My Favorite Things to Do in Ushuaia, Argentina, the Gateway to Antarctica

I discovered plenty of things to do in Ushuaia during the three days I spent there before an Antarctica cruise

things to do in Ushuaia

Last Updated on 04/08/26 by Rose Palmer

Despite being at the “End of the World” in South America, the city of Ushuaia, Argentina, gets a lot of traffic during the warmer weather season. It’s the jumping-off point for cruises to Antarctica, arguably the more accurate end of the world.

My first visit to Ushuaia was a single-day port stop on a Princess cruise itinerary aboard the Sapphire Princess, which included South America and Antarctica. More recently, I spent three more days in Ushuaia before boarding the Ponant L ‘Austral on an extended 18-day cruise through Antarctica.

Ponant L'Austral and National Geographic Endurance docked in Ushuaia
Ponant L’Austral and National Geographic Endurance docked in Ushuaia

Situated in a picturesque setting, Ushuaia is framed by glacier-capped mountains on one side and the Beagle Channel on the other. Add to it the nearby Tierra del Fuego National Park, and Isla Martillo with its penguin colonies, and I had more than enough scenic opportunities to keep me and my camera happy.
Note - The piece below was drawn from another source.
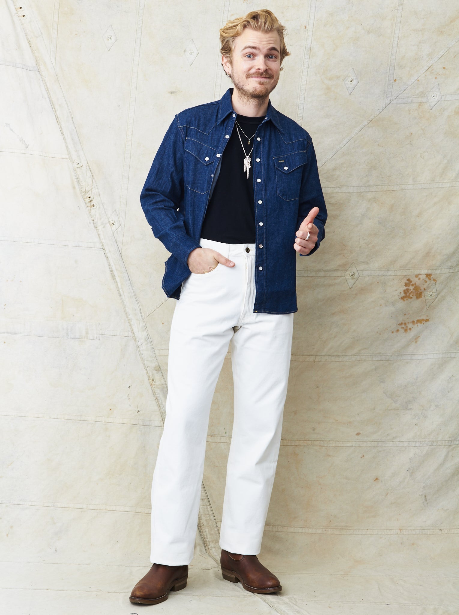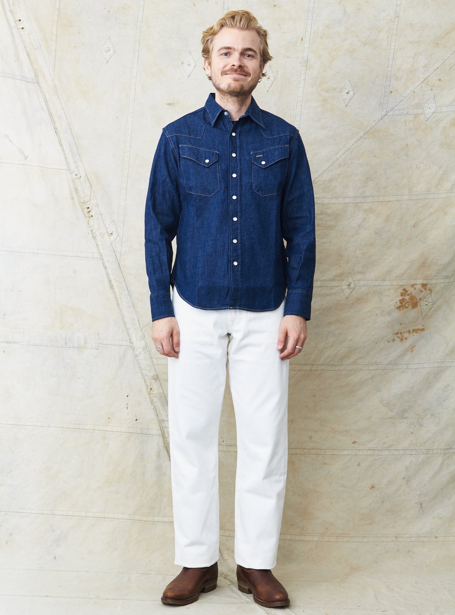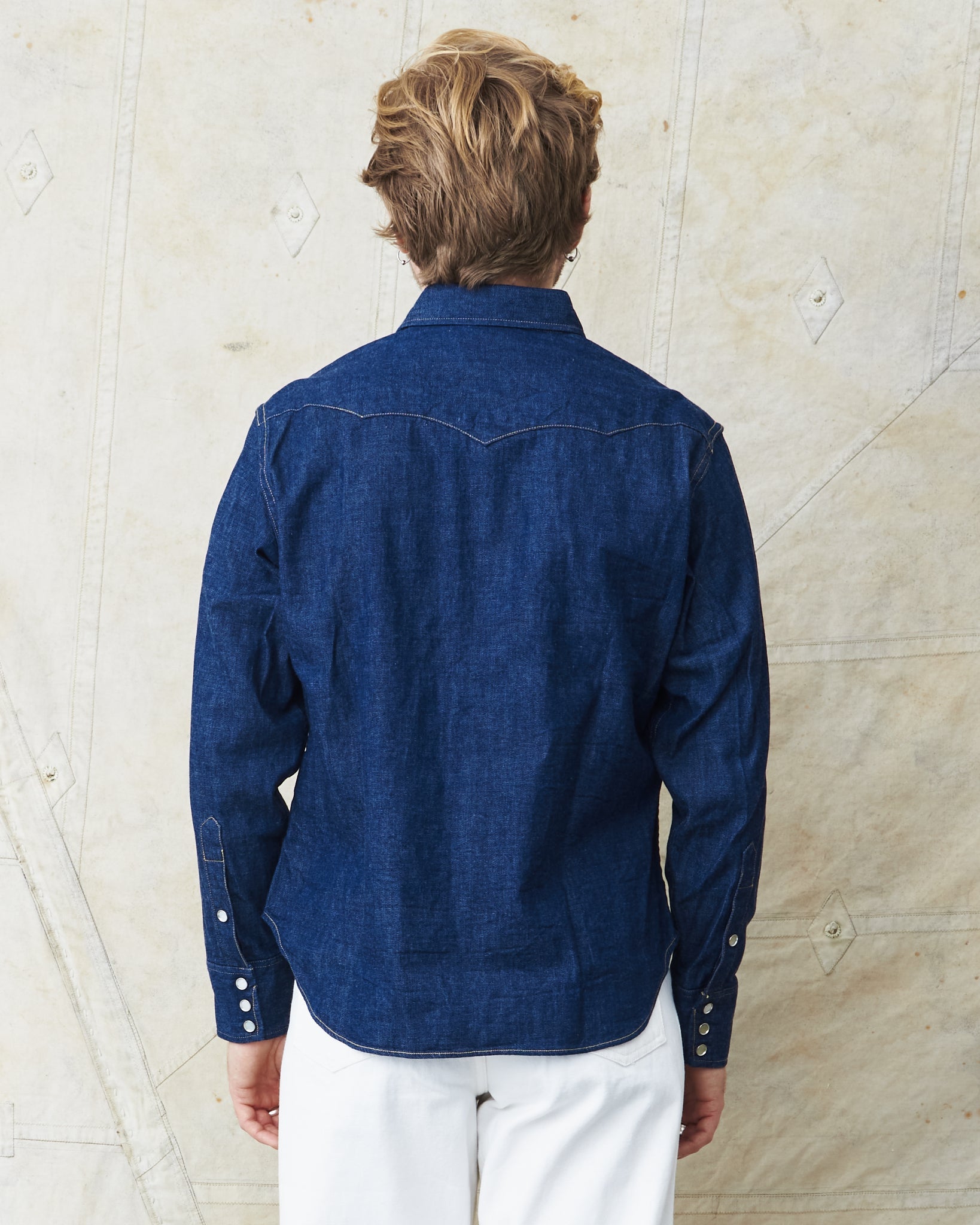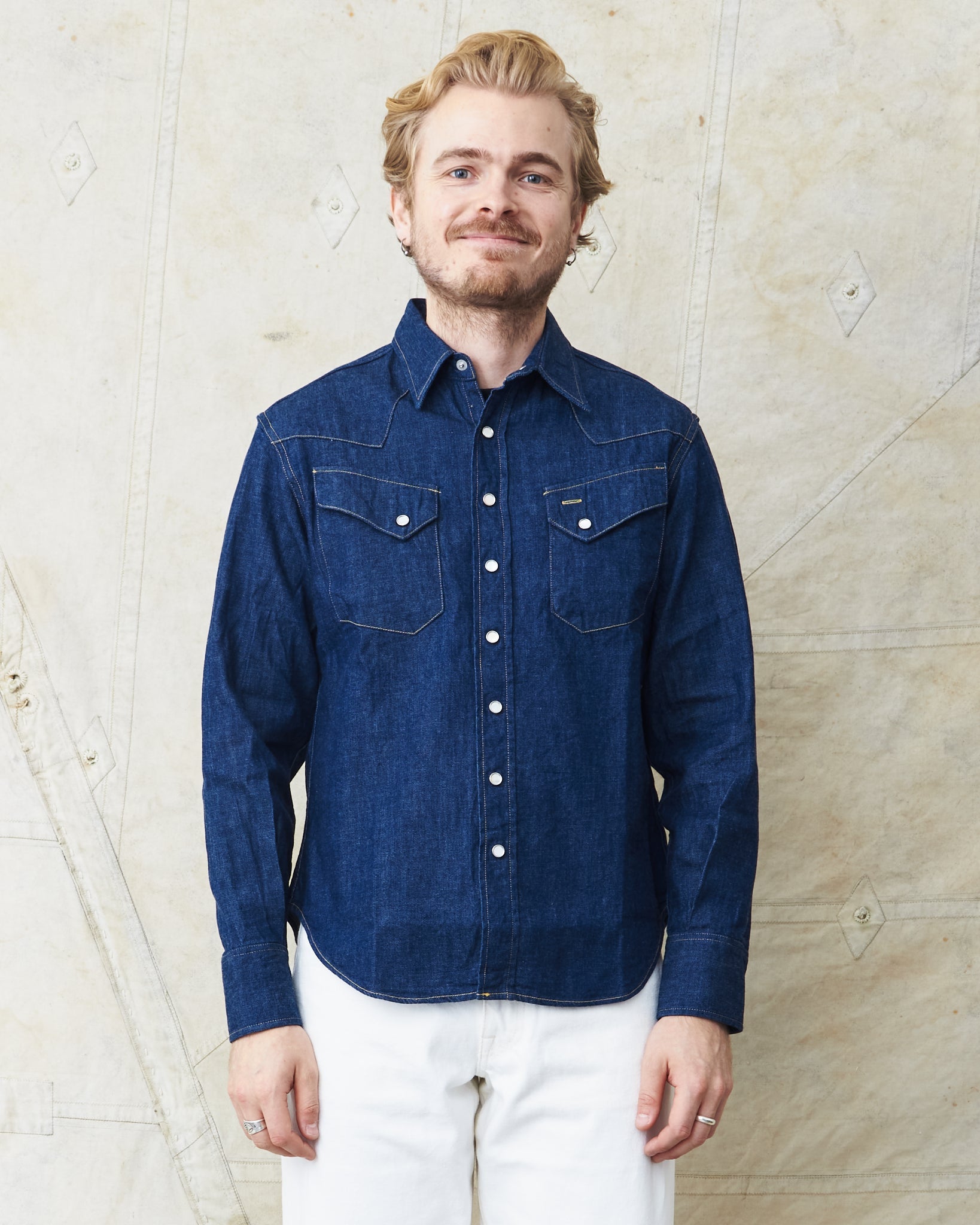 This is Sugar Cane's version of a 1950's/60's western snap button denim shirt. Western shirts back in the day were often seen in satin with big embroideries and fringes. The real, hard working cowboys needed something more rugged and durable and fabrics like denim, flannel and chambray were used instead. The snap buttons used are decorative but actually serves a very important purpose. If stuck, in for instance a bulls horns, snap buttons opens easily compared to regular sewn on buttons. A simple detail made to avoid accidents.

The city center, where most of the hotels, shops, and restaurants were located, was compact and easily walkable. Without a car, though, seeing anything outside the city required a tour.

View of Ushuaia, Argentina from my ship
View of Ushuaia, Argentina, from my ship
View of Ushuaia over the harbor
View of Ushuaia over the harbor

I found plenty of things to do in Ushuaia in three days

I arrived in Ushuaia a few days before my Ponant Antarctica cruise after touring the Patagonia region in Argentina and Chile. I was happy to discover that there was plenty to do during the three days I was there.

Wildlife cruise on the Beagle Channel from Ushuaia

The 240-kilometer-long Beagle Channel is one of three navigable passages at South America’s tip between the Atlantic and Pacific Oceans. The other two are the Straits of Magellan to the north and the infamous Drake Passage to the south. Charles Darwin saw his first glaciers here when he sailed on the HMS Beagle’s second voyage to survey the area.

This region is rich with wildlife, which is why I chose a Beagle Channel wildlife cruise as a Princess excursion when the ship docked in Ushuaia for the day. Our catamaran for the Penguin Rookery Navigation excursion was waiting for us at the same pier where the Princess ship was docked, making it very convenient.

Cormorants on one of the rocky islands in the Beagle Channel
Cormorants on one of the rocky islands in the Beagle Channel
Cormorants and sea lions
More Cormorants, along with resting sea lions

The 5-hour cruise took us down the Beagle Channel toward the Atlantic. On the way, we made photo stops at Isla de los Pajaros, the home of a colony of Imperial cormorants, and the larger rock Isla de los Lobos to observe basking sea lions. The Beagle Channel lighthouse was another popular stop where more birds and sea lions called home.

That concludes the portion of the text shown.